The rapid deployment of multiple mAb therapies during the pandemic has been a remarkable human accomplishment. mAb therapies have undoubtedly saved thousands of lives by preventing progression of early disease to life-threatening conditions that would have otherwise required treatment in hospital. However, the experience of the past 2 years has also shown limitations of this approach, which could have been foreseen from what was known about antibody action and the antigenic variability of SARS-CoV-2. Although a few regulatory authorities promptly issued recommendations to avoid the inappropriate use of mAbs against resistant variants of concern as soon as they became locally dominant (NCT04501978), the use of ineffective and costly treatments has often continued for months, thus wasting economical resources and increasing the incidence of unnecessary side-effects. Such unjustified use of therapeutics is unacceptable in modern, evidence-based medicine, and can have serious consequences during a pandemic.

The clinical efficacy of mAbs has remained limited to patients with early and mild disease stages, as would be expected for a therapy that works primarily as an antiviral agent. Their high cost means that they are unlikely to become prominent treatment options in low-income and middle-income countries that cannot afford them. Scaling up of manufacturing is also a bottleneck for high-income economies, which often have had difficulties at procurement. Several lessons were learnt from the pandemic, such as the need for combining different (ideally non-overlapping) mAbs to minimise immune escape. Recombinant technology has been deployed to increase half-life and minimise off-target toxicity.

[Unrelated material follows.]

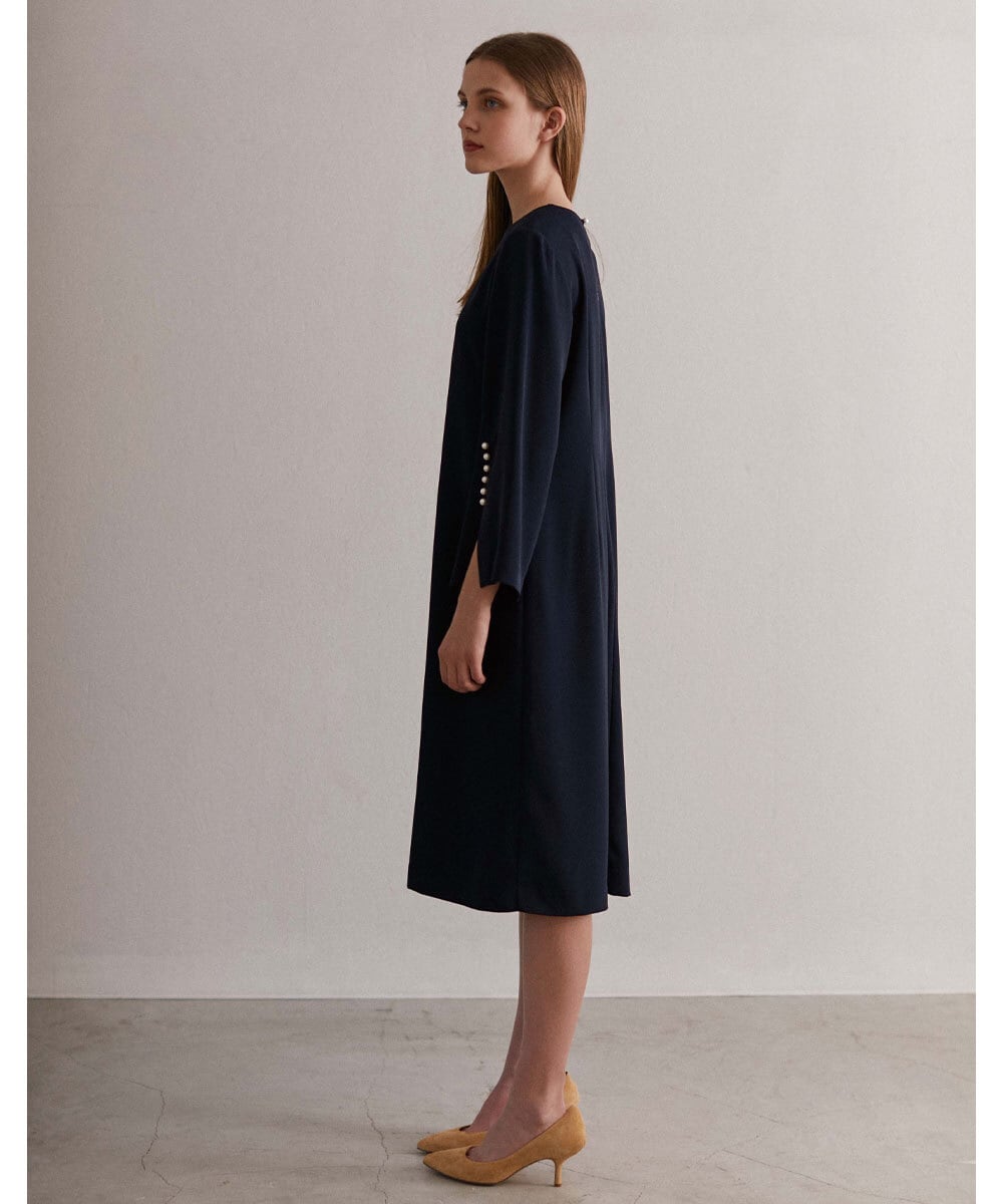 きちんと感のあるダブルクロス生地にシンプルなセミフレアのシルエットでセレモニースタイルにおすすめのデザイン。袖口はスリットにパールボタンのアクセントで華やかな雰囲気をさりげなく。シワになりにくく扱いやすいのも魅力です。卒入園や七五三、保護者会など、ママのオケージョンシーンにおすすめ。

Overall, mAbs remain an important achievement of modern science, but their feasibility and economical sustainability against pathogens are likely to be maximal in small outbreaks and localised epidemics, rather than under pandemic settings. During a pandemic, an enormous number of affordable doses would be needed to have a positive impact on a global scale. In such instance, alternatives that are more robust and scalable than mAbs are preferred, such as convalescent plasma, or oral or intravenous small-chemical antivirals; however, small-chemical antivirals are expensive and often associated with pharmacokinetic contraindications.

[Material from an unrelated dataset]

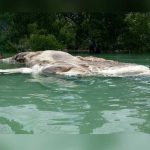 Los habitantes de las orillas del río Huamual en Indonesia han quedado boquiabiertos tras ver el cadáver gigante de un animal no identificado.

Search strategy and selection criteria

We searched PubMed, medRxiv, and bioRxiv for articles published in English from Dec 1, 2019, to June 10, 2022, using the terms “anti-spike monoclonal antibodies” and the specific names of the monoclonal antibodies. We reviewed both the articles resulting from these searches and their references, and selected those articles relevant to the scope of this Review.

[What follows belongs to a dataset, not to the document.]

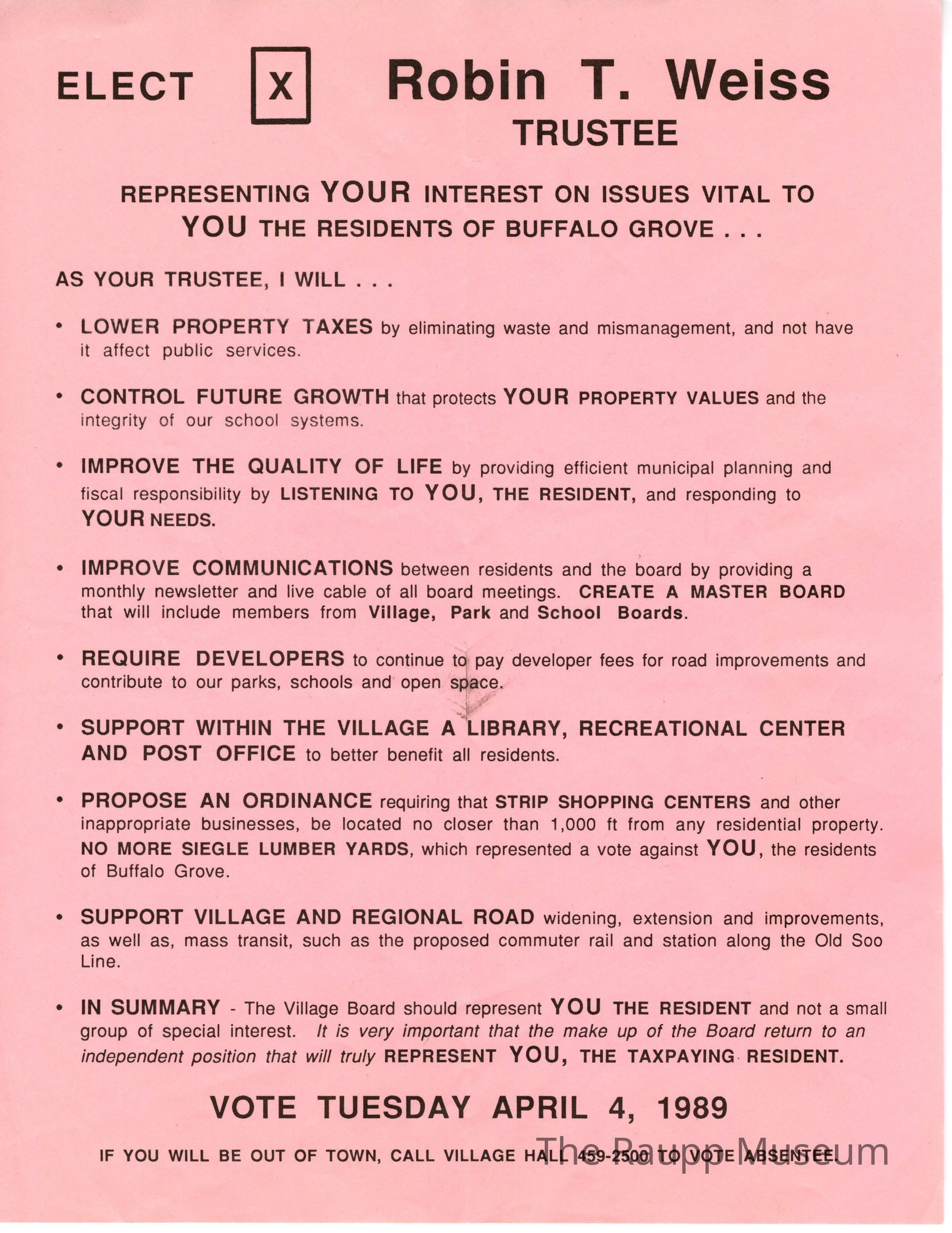 One (1) pink election pamphlet for Robin T. Weiss, is one-sided and has stances listed.

This online publication has been corrected. The corrected version first appeared at thelancet.com/infection on July 12, 2022

Declaration of interests

AC is the Chair of the US National COVID-19 Convalescent Plasma Project and reports being part of the scientific advisory board of SAB Therapeutics, a company developing cow polyclonal antibodies. All other authors declare no competing interests.